* _Dataset excerpts_
* * *

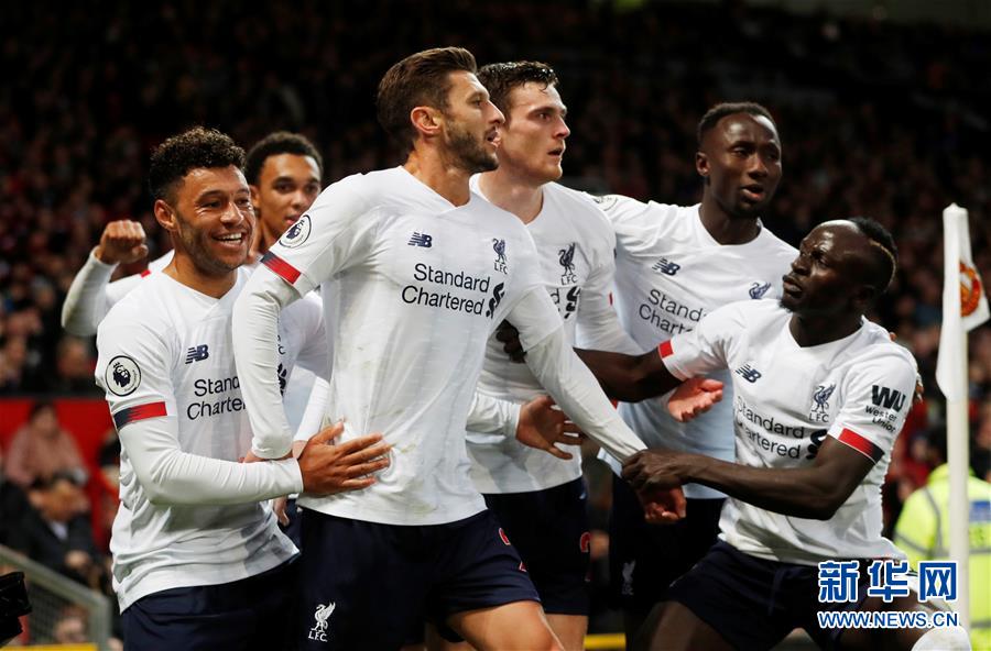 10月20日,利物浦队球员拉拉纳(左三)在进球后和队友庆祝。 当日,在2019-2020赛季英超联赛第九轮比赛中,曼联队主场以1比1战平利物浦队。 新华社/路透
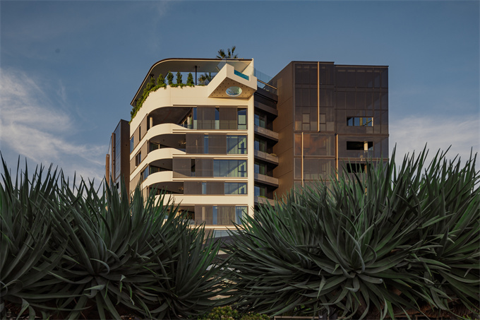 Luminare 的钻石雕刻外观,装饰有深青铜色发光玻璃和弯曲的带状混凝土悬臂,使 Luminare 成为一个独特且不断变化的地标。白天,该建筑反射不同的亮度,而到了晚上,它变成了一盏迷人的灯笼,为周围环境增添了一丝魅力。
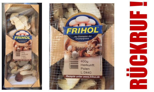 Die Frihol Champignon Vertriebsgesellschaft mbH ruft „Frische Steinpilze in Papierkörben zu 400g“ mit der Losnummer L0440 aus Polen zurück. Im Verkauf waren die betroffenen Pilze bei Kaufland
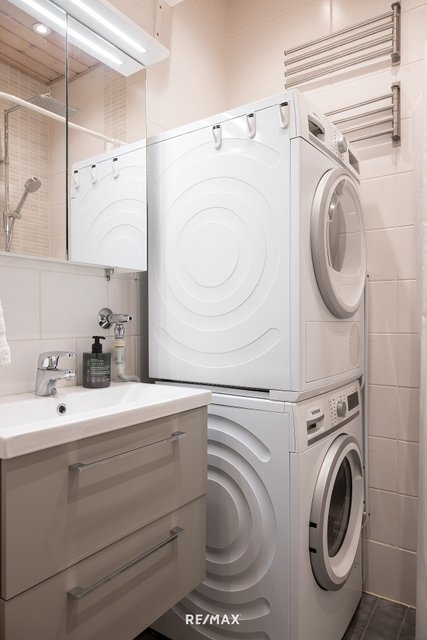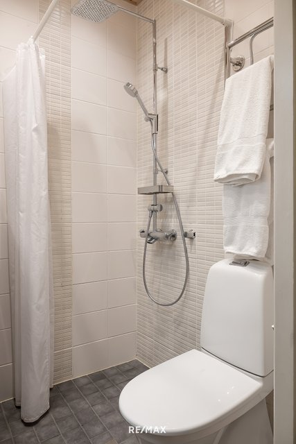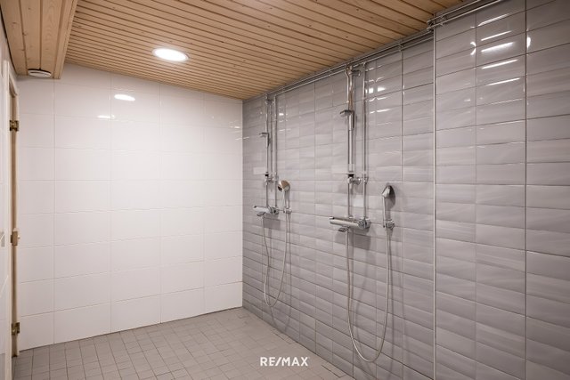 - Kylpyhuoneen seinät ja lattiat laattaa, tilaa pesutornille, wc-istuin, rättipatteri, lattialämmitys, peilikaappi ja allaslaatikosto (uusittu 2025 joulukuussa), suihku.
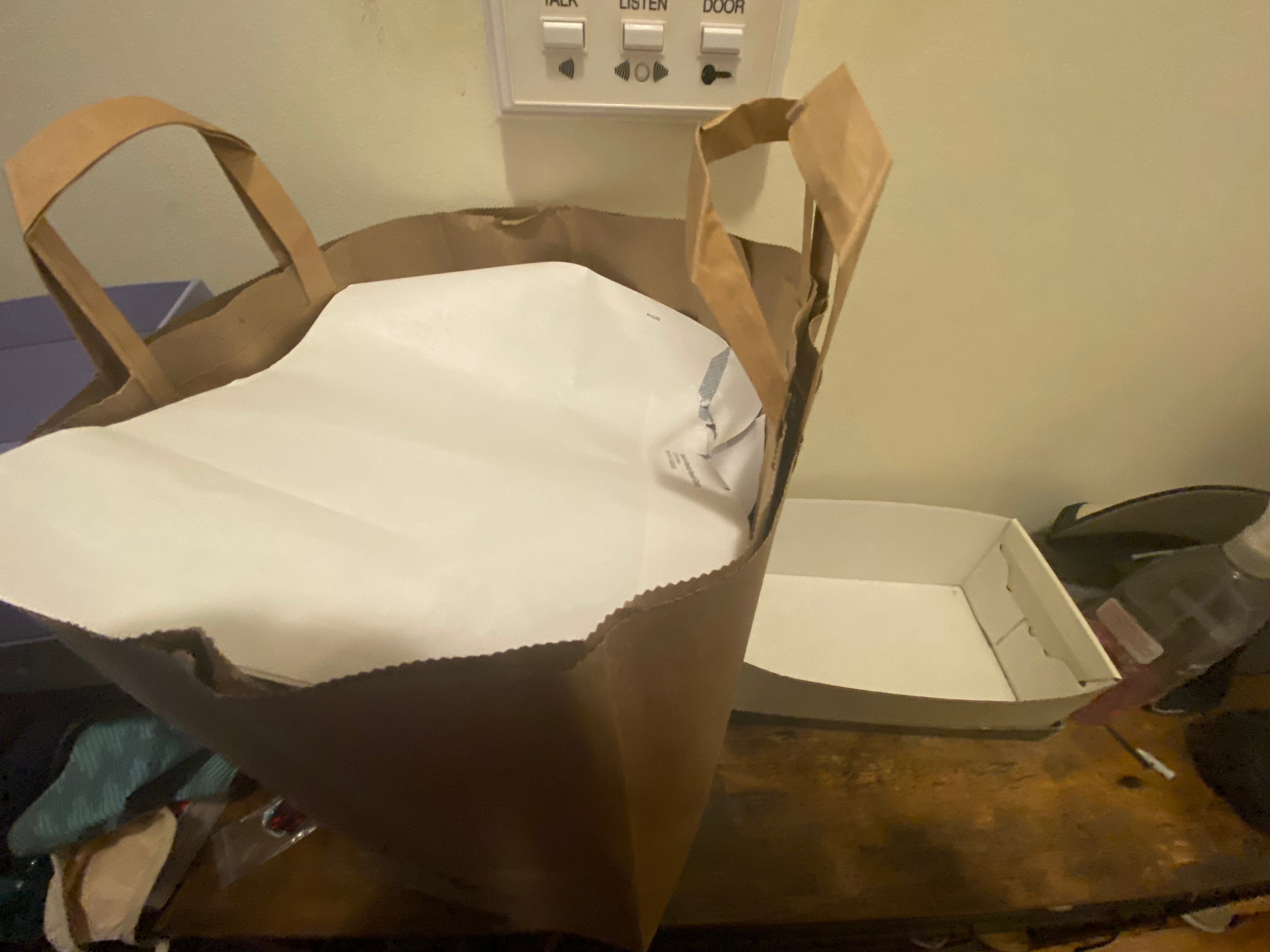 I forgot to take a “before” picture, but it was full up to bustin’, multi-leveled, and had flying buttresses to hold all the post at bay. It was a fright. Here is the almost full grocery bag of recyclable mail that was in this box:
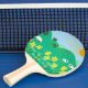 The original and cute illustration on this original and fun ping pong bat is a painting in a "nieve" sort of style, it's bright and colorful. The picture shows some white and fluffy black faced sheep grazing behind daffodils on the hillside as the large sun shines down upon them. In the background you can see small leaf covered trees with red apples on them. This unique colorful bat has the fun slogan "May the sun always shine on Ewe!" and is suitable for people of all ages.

* * *

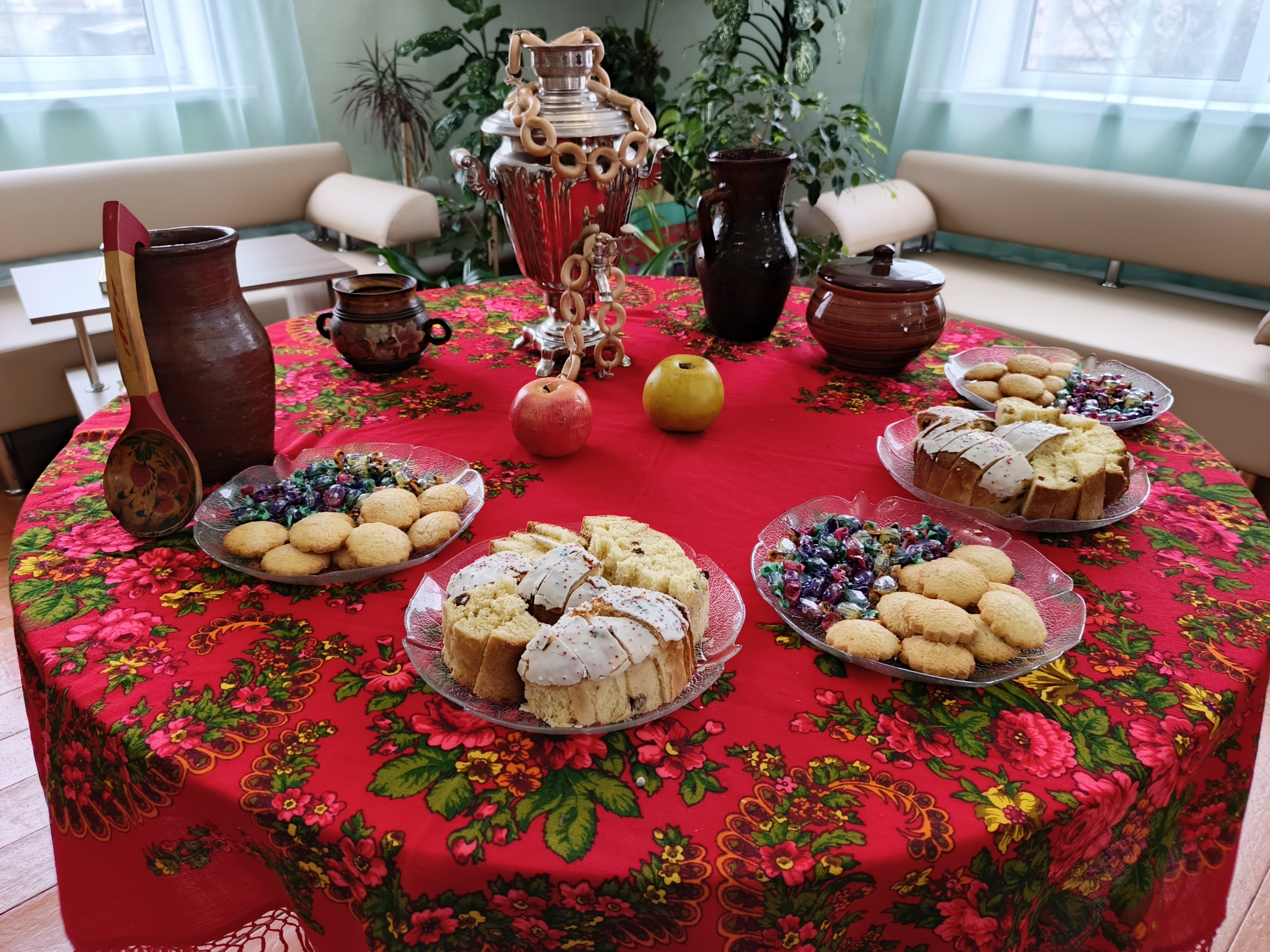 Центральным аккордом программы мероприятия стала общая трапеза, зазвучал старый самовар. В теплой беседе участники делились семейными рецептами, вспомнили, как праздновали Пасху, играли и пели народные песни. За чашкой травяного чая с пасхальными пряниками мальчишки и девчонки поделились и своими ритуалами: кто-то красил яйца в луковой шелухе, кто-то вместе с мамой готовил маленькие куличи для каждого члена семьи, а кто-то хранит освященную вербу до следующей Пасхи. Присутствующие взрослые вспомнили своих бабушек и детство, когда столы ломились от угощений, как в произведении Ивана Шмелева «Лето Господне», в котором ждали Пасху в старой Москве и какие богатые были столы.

* * *

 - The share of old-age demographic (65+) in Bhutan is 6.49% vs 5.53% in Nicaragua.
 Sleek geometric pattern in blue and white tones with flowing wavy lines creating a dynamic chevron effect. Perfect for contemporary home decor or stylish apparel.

* * *

* _Exercise objective_
Extract the part of the records that opens with the line containing "I forgot to" and closes with the line containing "The original and". Take only those lines, exactly, and no pictures.

* _Written response_
 I forgot to take a “before” picture, but it was full up to bustin’, multi-leveled, and had flying buttresses to hold all the post at bay. It was a fright. Here is the almost full grocery bag of recyclable mail that was in this box:
 The original and cute illustration on this original and fun ping pong bat is a painting in a "nieve" sort of style, it's bright and colorful. The picture shows some white and fluffy black faced sheep grazing behind daffodils on the hillside as the large sun shines down upon them. In the background you can see small leaf covered trees with red apples on them. This unique colorful bat has the fun slogan "May the sun always shine on Ewe!" and is suitable for people of all ages.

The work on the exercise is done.